European Central Bank President Jean- Claude Trichet said credit-rating downgrades and worsening public finances in some euro-region countries are not threatening to break up the decade-old monetary union.

“In a very vast continental economy, it is not abnormal to have diversity,” Trichet told the European Parliament in Brussels today. “I would not say at all that it is something that puts into question the euro area.”

Standard & Poor’s this month downgraded the sovereign credit ratings of Spain and Greece and said the ratings of Ireland and Portugal are under threat. Bond yield spreads between the strongest and weakest euro-region economies have ballooned as the global financial crisis pressures budgets, making the ECB’s one- size-fits-all monetary policy less effective.

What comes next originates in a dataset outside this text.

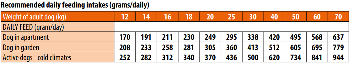 חלבון גולמי: 25%, סיב גולמי: 2.5%, שומן גולמי: 16%, אפר גולמי: 7%, סידן: 1.7%, זרחן: 1.1%, חומצות שומן אומגה-3: 0.5%, חומצות שומן אומגה-6: 3.5%, אנרגיה מטבולית: 4,100 קק"ל/ק"ג.

“Negative ratings actions on Greece, Ireland, Portugal, and Spain reflect their economies’ higher susceptibility to a tightening external credit channel,” S&P said on Jan. 15. These countries “have, in our view, lost competitiveness relative to their European peers, leading to a rise in their imbalances.”

Trichet said all 16 countries using the euro are experiencing difficulties and renewed his call for governments to pursue “sustainable” fiscal policies.

“I’m confident that the pressures of the circumstances and the reality will do their job,” Trichet said. In any case, “there is no bailing out” of the euro area.